論文の概要: [Re] The Discriminative Kalman Filter for Bayesian Filtering with
Nonlinear and Non-Gaussian Observation Models
- arxiv url: http://arxiv.org/abs/2401.14429v1
- Date: Wed, 24 Jan 2024 21:00:42 GMT
- ステータス: 処理完了
- システム内更新日: 2024-01-29 16:59:37.133063
- Title: [Re] The Discriminative Kalman Filter for Bayesian Filtering with
Nonlinear and Non-Gaussian Observation Models
- Title(参考訳): [Re]非線形および非ガウス観測モデルを用いたベイズフィルタの判別カルマンフィルタ
- Authors: Josue Casco-Rodriguez, Caleb Kemere, Richard G. Baraniuk
- Abstract要約: カルマンフィルタは、隠れた変数や潜伏変数を推定する単純かつ解釈可能な手段を提供する。
そのような応用の1つは神経補綴のための神経復号法である。
この研究は、高非線形または非ガウス観測モデルに対する著者のアルゴリズムに代わるオープンソースのPythonを提供する。

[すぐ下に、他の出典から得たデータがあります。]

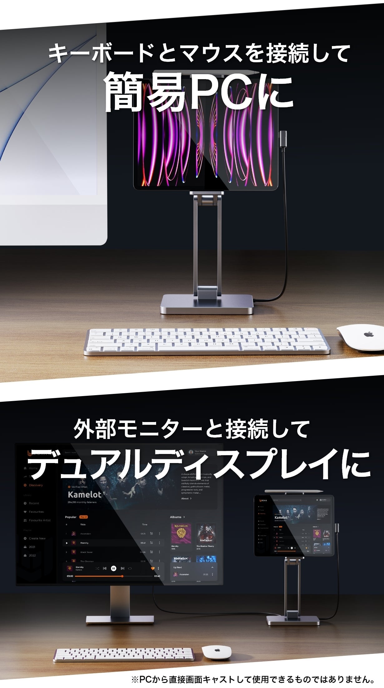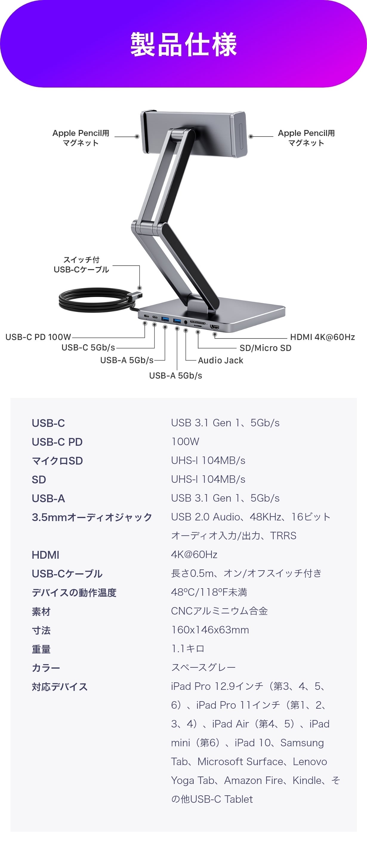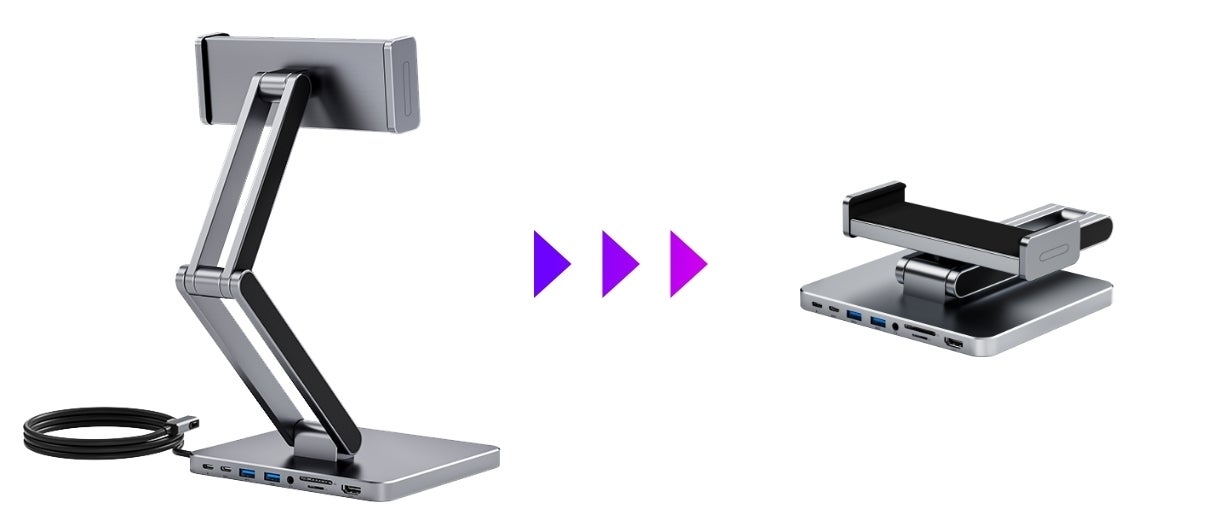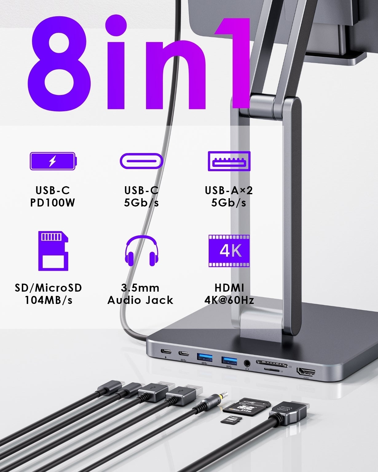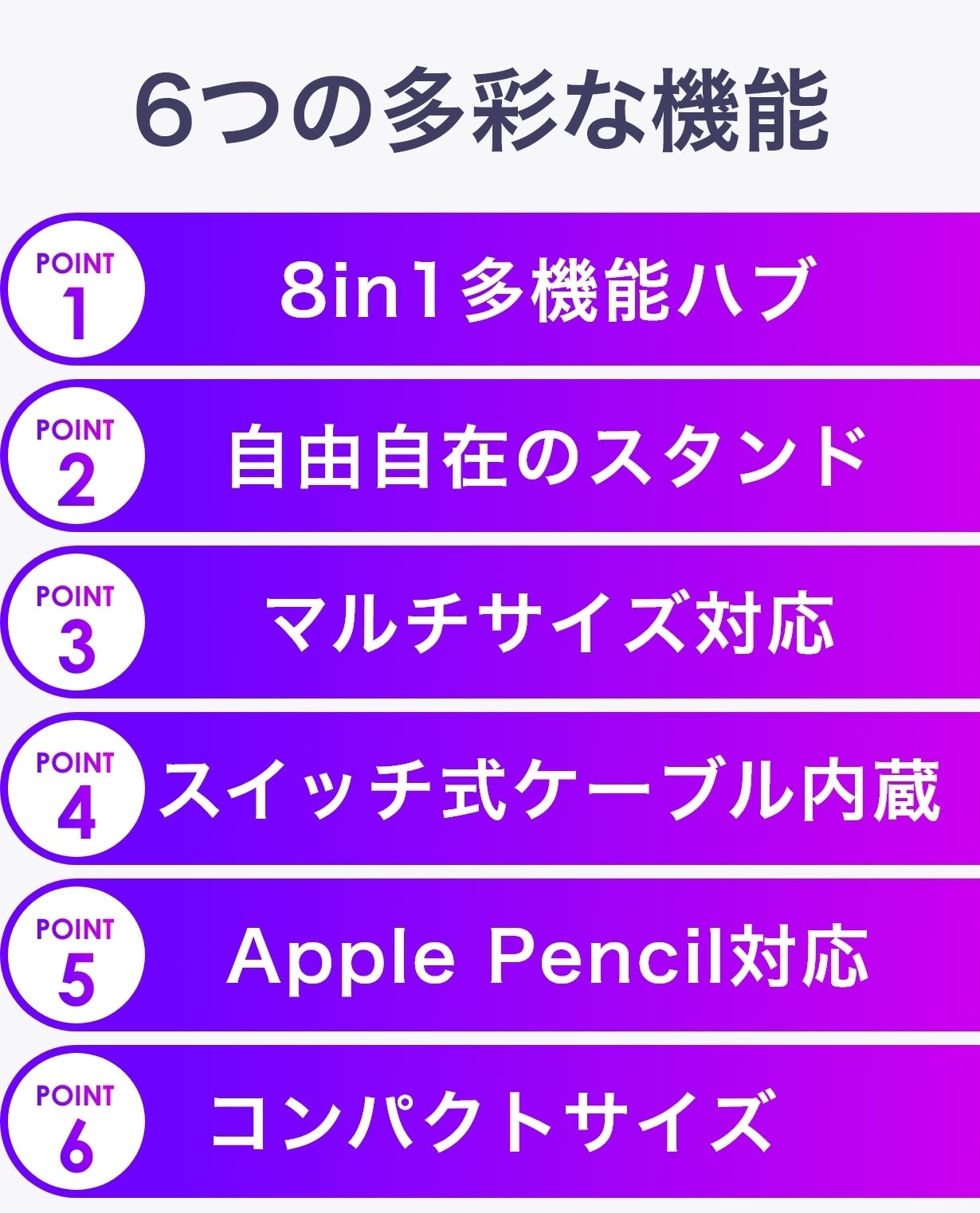 8in1ハブ内蔵で、PD充電から各種ポートまで完備。スタンドを通じて、さまざまなデバイスに手間なく接続。

- 参考スコア(独自算出の注目度): 25.587281577467405
- License: http://creativecommons.org/licenses/by/4.0/
- Abstract: Kalman filters provide a straightforward and interpretable means to estimate
hidden or latent variables, and have found numerous applications in control,
robotics, signal processing, and machine learning. One such application is
neural decoding for neuroprostheses. In 2020, Burkhart et al. thoroughly
evaluated their new version of the Kalman filter that leverages Bayes' theorem
to improve filter performance for highly non-linear or non-Gaussian observation
models. This work provides an open-source Python alternative to the authors'
MATLAB algorithm. Specifically, we reproduce their most salient results for
neuroscientific contexts and further examine the efficacy of their filter using
multiple random seeds and previously unused trials from the authors' dataset.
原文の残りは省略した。